Clarification on definition of a Sheaf
A (pre)sheaf on a category $\mathcal{C}$ is a functor from $\mathcal{C}^{\rm op} \to \mathsf{Set}$ or sets with extra structure: Abelian groups, rings, modules, etc. $\mathcal{C}$ is often the category of open sets on a topological space. In particular, $\mathscr{F}(U)$ is always a set, by definition.
In the equation $\operatorname{res}_{V \cap W }(s_i) = \operatorname{res}_{V \cap W }(s_j)$ we assume that $s_i \in \mathscr{F}(V)$ and $s_j \in \mathscr{F}(W)$. Or to use the notation on Wikipedia: $s_i \in \mathscr{F}(U_i)$ and $s_j \in \mathscr{F}(U_j)$ with $$ \operatorname{res}_{U_i \cap U_j}(s_i) = \operatorname{res}_{U_i \cap U_j}(s_j) $$ For a skyscraper sheaf (of sets, let's say) $\mathscr{F}(U) = \{0\}$ (the terminal object of $\mathsf{Set}$ up to isomorphism) for all $U$ not containing $p$ and hence $s_i = 0$ for all $U_i$ not containing $p$. These $s_i$ still exist.
Maybe it would be best for you to read some examples of sheaves and think through the glueing axiom. For example, the sheaf of continuous functions on a topological space or sheaves of smooth/continuously differentiable functions on a manifold.

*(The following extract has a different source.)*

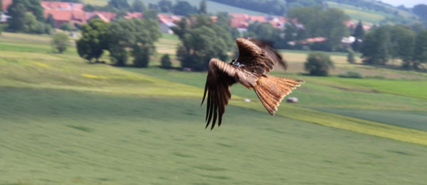 besenderter Rotmilan im Flug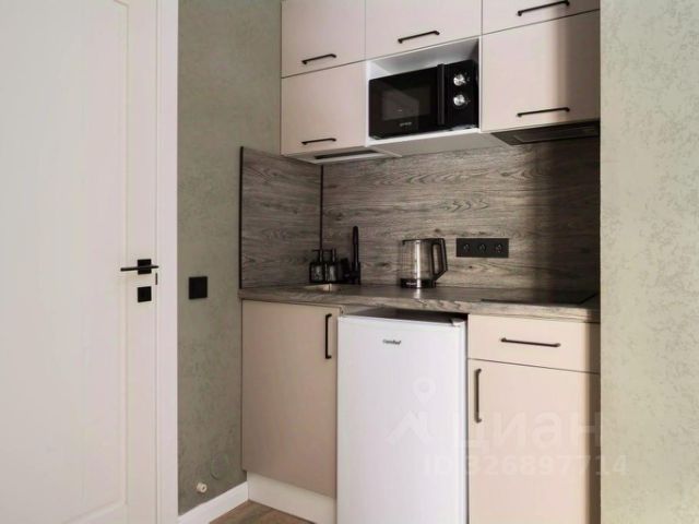 Кухня: варочная панель, микроволновка, чайник, холодильник, посуда.

I assume you are considering $U$ to be an open set in some topological space, so your category is $\mathrm{Top}(X)$, and your presheaf is a functor $\mathscr{F}\colon\mathrm{Top}(X)^{\text{op}}\to \mathrm{Set}$. To be able to discuss "glueing", your source category must have a notion of "cover" of an object, that is a Grothendieck topology (such a category is called a site). In such context, the sheaf condition is expressed by an equalizer diagram for any cover. While this approach requires some more machinery, it allows to express the glueing axiom without having to evaluate the restriction maps at sections.